The answer must be only the lines below from the one holding "On part pour" down to the one holding "附件:合肥創(chuàng)", ends included, printed exactly; please omit all pictures.

▶ EXTRACTED MATERIAL:
▬▬▬

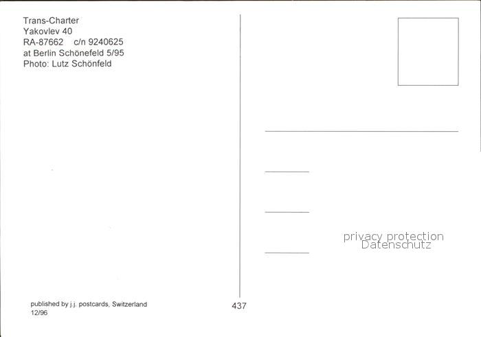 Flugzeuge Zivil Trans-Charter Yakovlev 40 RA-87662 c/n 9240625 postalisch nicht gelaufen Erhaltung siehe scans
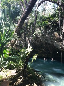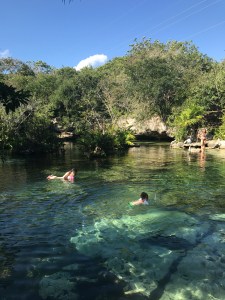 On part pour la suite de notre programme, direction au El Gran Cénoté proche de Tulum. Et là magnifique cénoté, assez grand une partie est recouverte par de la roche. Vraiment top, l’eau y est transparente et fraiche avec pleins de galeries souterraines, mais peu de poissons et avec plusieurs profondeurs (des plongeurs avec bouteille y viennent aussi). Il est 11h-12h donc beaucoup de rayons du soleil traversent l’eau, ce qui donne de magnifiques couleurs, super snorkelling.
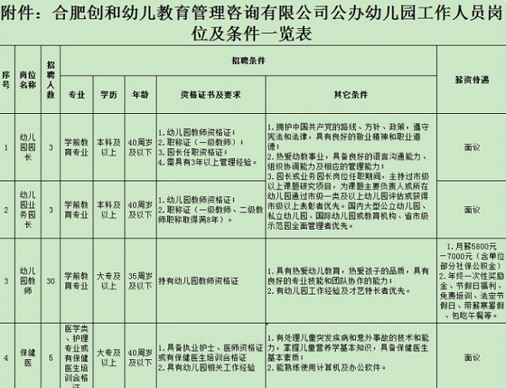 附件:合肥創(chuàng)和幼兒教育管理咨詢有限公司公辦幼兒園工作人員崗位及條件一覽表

▬▬▬

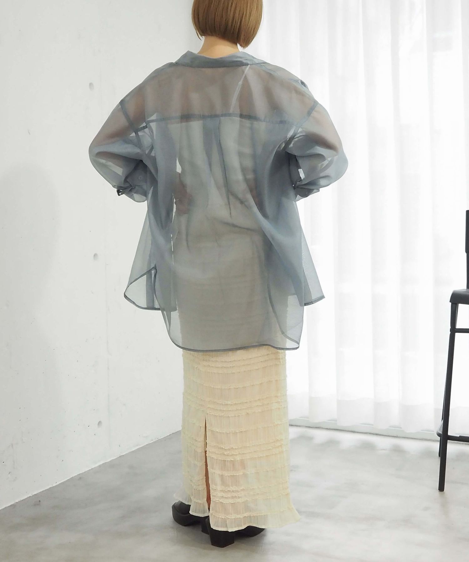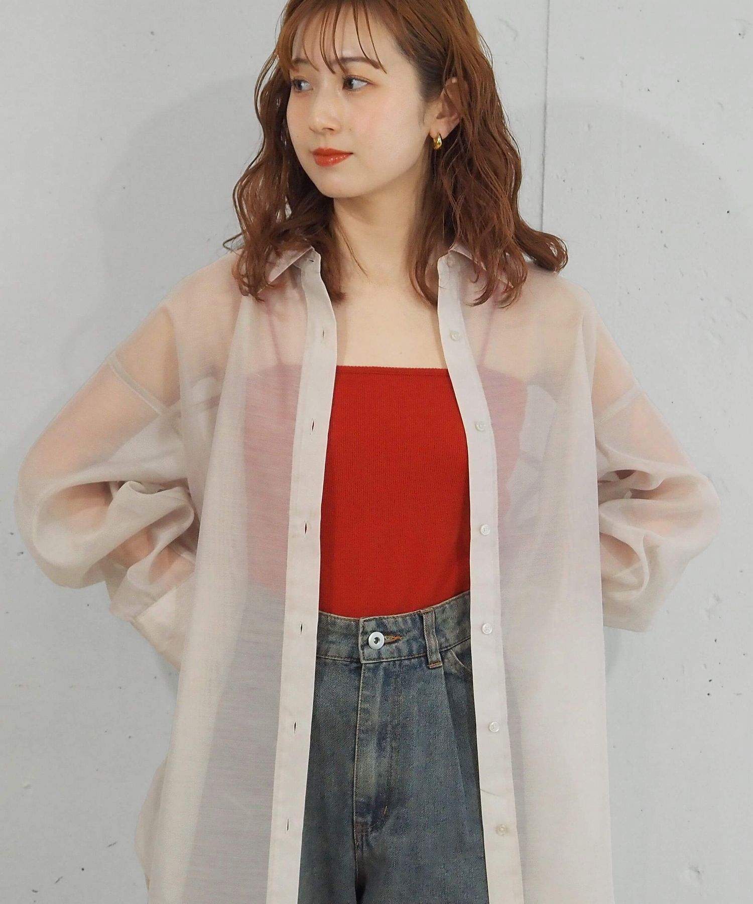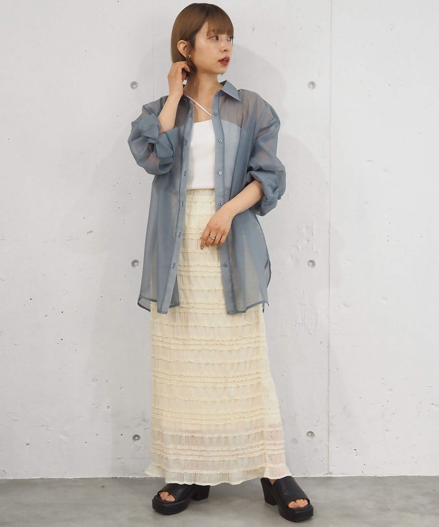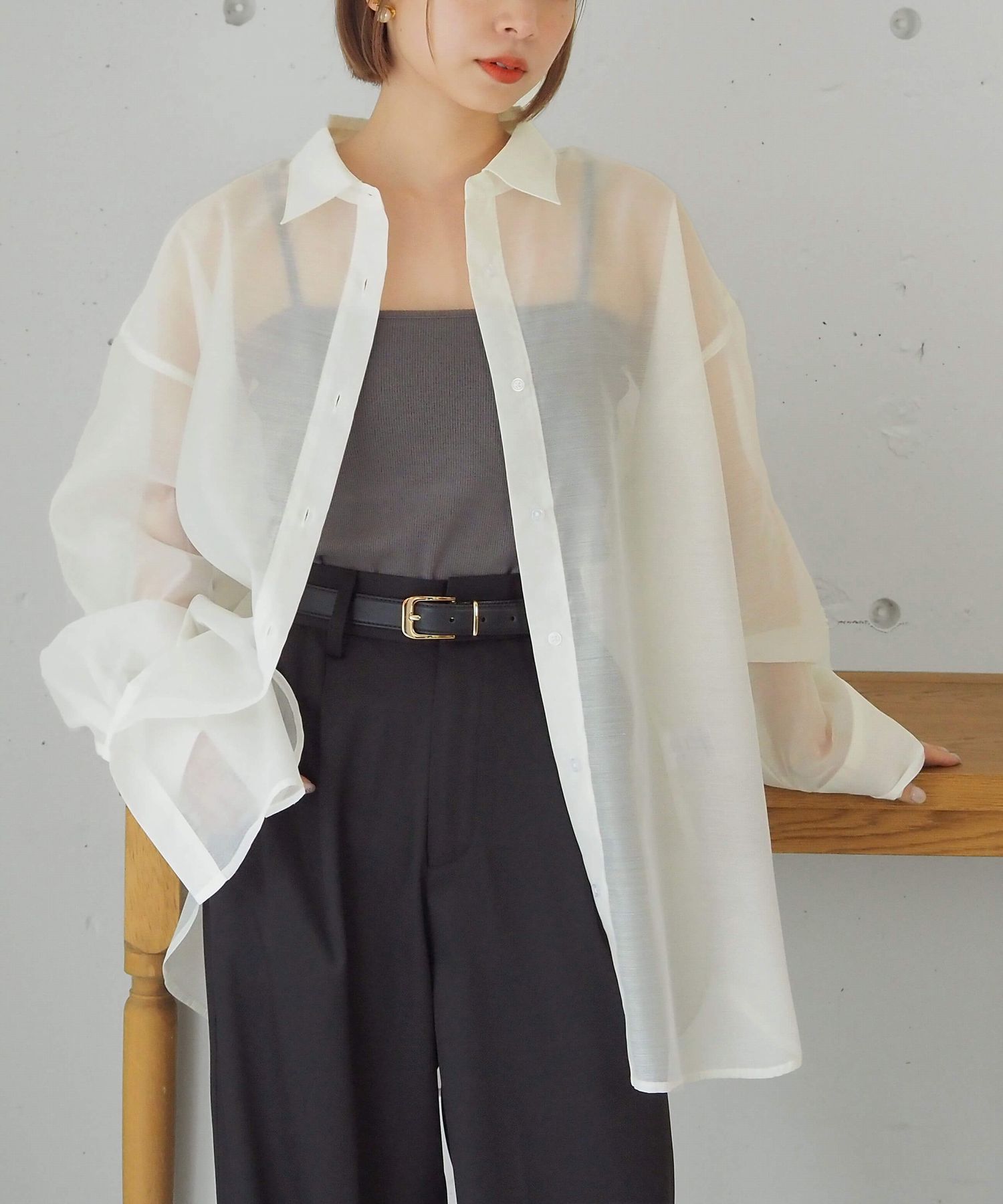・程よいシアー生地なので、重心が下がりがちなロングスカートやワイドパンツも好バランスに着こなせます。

▬▬▬

▶ RESPONSE BOX:
 On part pour la suite de notre programme, direction au El Gran Cénoté proche de Tulum. Et là magnifique cénoté, assez grand une partie est recouverte par de la roche. Vraiment top, l’eau y est transparente et fraiche avec pleins de galeries souterraines, mais peu de poissons et avec plusieurs profondeurs (des plongeurs avec bouteille y viennent aussi). Il est 11h-12h donc beaucoup de rayons du soleil traversent l’eau, ce qui donne de magnifiques couleurs, super snorkelling.
 附件:合肥創(chuàng)和幼兒教育管理咨詢有限公司公辦幼兒園工作人員崗位及條件一覽表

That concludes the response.